Kissing the City
It is 9 A.M. and my family is staying together in a home in a suburb of LA. Down a winding road, where last night, my grandparents allowed the GPS to dictate how many feet, exactly, until turning left because the street signs in this small town are too slight to notice in the dark.
Two nights ago, we celebrated a wedding, with dry wine and long eyelashes and too many flowers and a brimming silver cup of blessing. May you respect each other. May you challenge each other for the good. May you raise children who will walk in the path of our forefathers. May you be blessed.
It is 9 A.M. and someone is frying eggs with jalapeño and someone is on the internet, checking into their flight, and someone is still sleeping. My uncle is wrapping tefillin on the porch. There is rhythm in his movement. He is etching deeper what has become permanent so many years ago. All I can think about is how I am a sucker for clichés.
He stands before tumbling hills. They weave in and out of each other, meeting to connect a home, to birth a tree, to lay still and feel the slopes of the other’s form. The clouds that frame them are not unlike the flour we spill onto a countertop before rolling dough, beautiful in its familiarity and dependable grace. The air, too, is lovable in its stability, in its unwavering commitment to making sure it never gets in the way.
My uncle is setting the tefillin box on his forehead now. Secures it, touches it, brings fingers to lips. This is his romance with G-d, and I look away.

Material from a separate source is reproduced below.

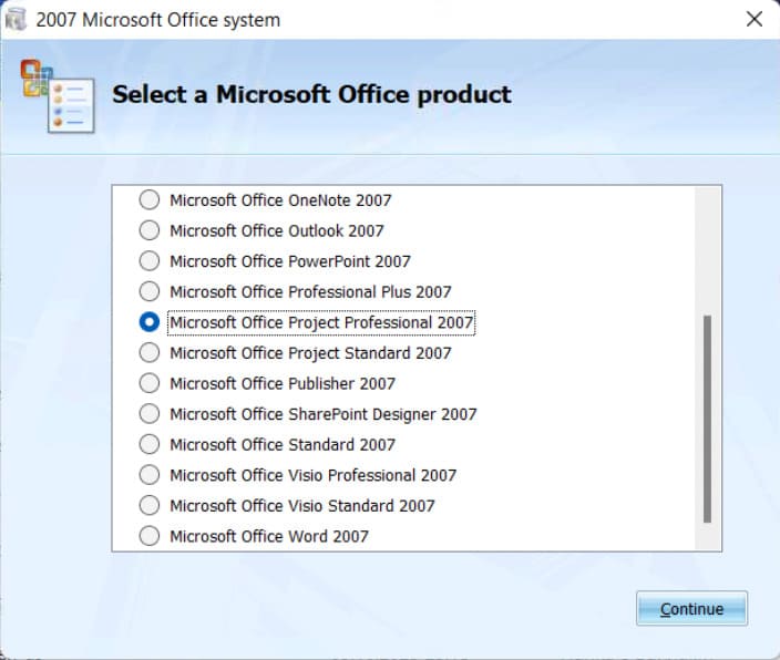 2. Select Microsoft Office Project Professional 2007.

I am facing the wall now, tracing its veins and its bruises, the battle scars of a life well lived in small town, rich man America. Its skin is peeling. Some day, a new plaster will make itself a home here. No one will eulogize his ancestry. His siblings will not attend the funeral. Yesterday’s glory is satisfied to go nibbling on smoked meat and sunshine.
My praying uncle removes the tefillin from his head, kisses it and places it down on the table with a tender slowness I have not seen before. He is standing on a porch that has lived and will die. We are standing before mountains that can reach only till the sky. Here, on this ground, a limited being has spoken with the Eternal. He transcends the years we are allotted in this life. He is kissing the city, I think, he is kissing the G-dly letters in this porch. And this time, I do not look away.